🤖 AI Summary
To address the high memory and computational costs of training Bayesian neural networks (BNNs) on large-scale datasets, this paper proposes Variational Bayesian Pseudo-Coresets (VBPC). Unlike conventional Bayesian pseudo-coresets (BPCs), which rely on fixed or heuristic constructions, VBPC is the first method to integrate variational inference into pseudo-coreset construction. It jointly optimizes both the pseudo-samples and their underlying distribution via differentiable pseudo-data optimization and gradient-driven coreset learning, enabling efficient, learnable compression of the original data distribution.

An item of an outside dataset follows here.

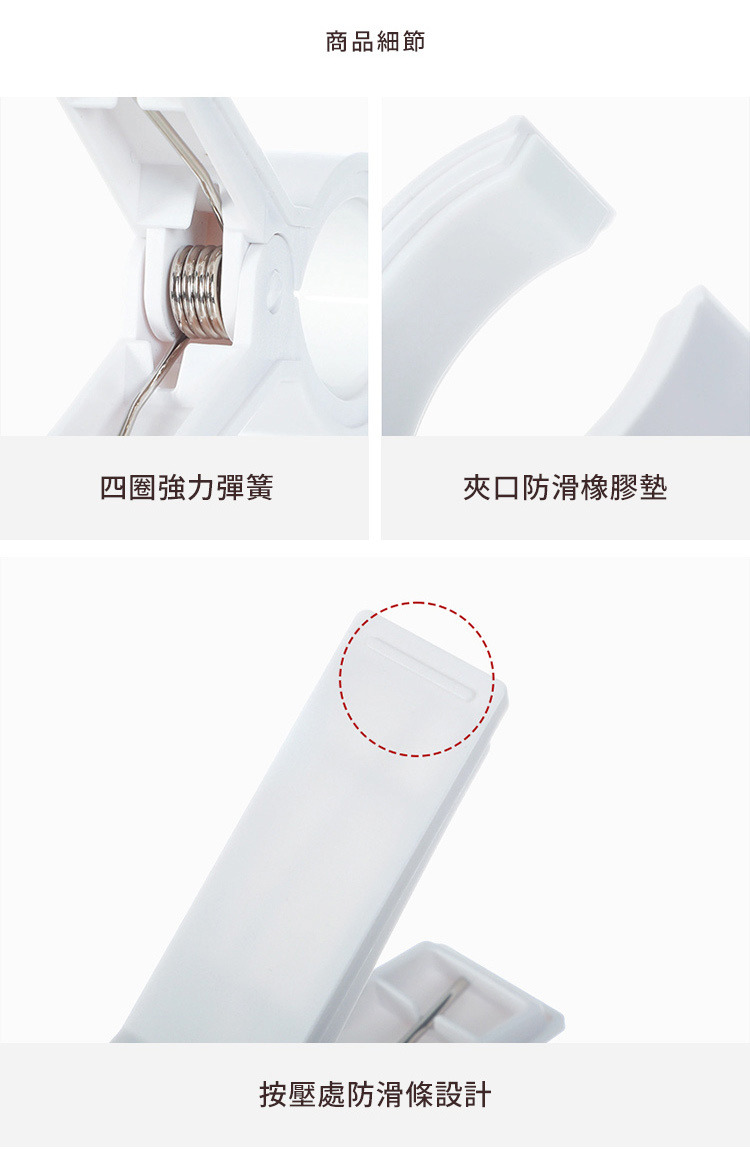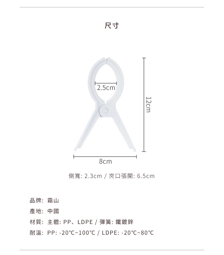 尺寸:長8×側寬2.3×高12cm、[夾口張開]6.5cm 材質:[主體]PP、LDPE、[彈簧]鐵鍍鋅 耐溫:[PP]-20℃~120℃、[LDPE]-20℃~80℃ 產地:中國 ※尺寸皆為人工測量,誤差±0.2cm屬正常範圍。

This approach substantially reduces memory requirements for posterior approximation: on multiple benchmark datasets, VBPC achieves over 30% reduction in GPU memory consumption compared to state-of-the-art BPC methods, while simultaneously improving predictive accuracy and uncertainty calibration.
📝 Abstract
The success of deep learning requires large datasets and extensive training, which can create significant computational challenges. To address these challenges, pseudo-coresets, small learnable datasets that mimic the entire data, have been proposed. Bayesian Neural Networks, which offer predictive uncertainty and probabilistic interpretation for deep neural networks, also face issues with large-scale datasets due to their high-dimensional parameter space. Prior works on Bayesian Pseudo-Coresets (BPC) attempt to reduce the computational load for computing weight posterior distribution by a small number of pseudo-coresets but suffer from memory inefficiency during BPC training and sub-optimal results. To overcome these limitations, we propose Variational Bayesian Pseudo-Coreset (VBPC), a novel approach that utilizes variational inference to efficiently approximate the posterior distribution, reducing memory usage and computational costs while improving performance across benchmark datasets.